Area of a triangle \[=\sqrt{s\left( s-a \right)\left( s-b \right)\left( s-c \right)}\]where a, b, c are the sides of the triangle and
s = semi perimeter i.e., half the perimeter of the triangle =\[=\frac{a+b\text{ }+c}{2}\]
Note: Heron's formula can be used when three sides of triangle are given and can be applied to any triangle.
- Area of an equilateral triangle with each side equal to 'a' units \[=\frac{\sqrt{3}}{4}{{a}^{2}}\]sq. units.

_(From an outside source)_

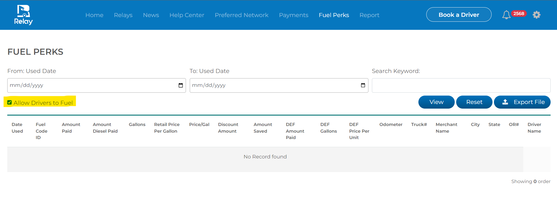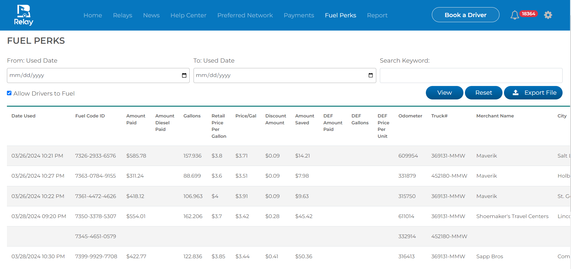 To see all of your past fuel code transactions, you can login to your desktop portal from a computer and click the Fuel Perks option on the top menu. From here you'll be able to see an overview of fuel codes that were used by drivers on your orders. You'll be able to quickly see information like amount spent, Relay order number, date used, city and location, and multiple other important data points.

- Area of an equilateral triangle\[=\frac{{{h}^{3}}}{\sqrt{3}}\]sq. units where altitude\[h=\frac{\sqrt{3}}{2}a\] units.
- Area of a quadrilateral whose sides and one diagonal are given, can be calculated by dividing the quadrilateral into two triangles and using the Heron's formula.
- Three positive integers a, b and c such that is\[{{c}^{2}}={{a}^{2}}+{{b}^{2}}\] called a Pythagorean triplet.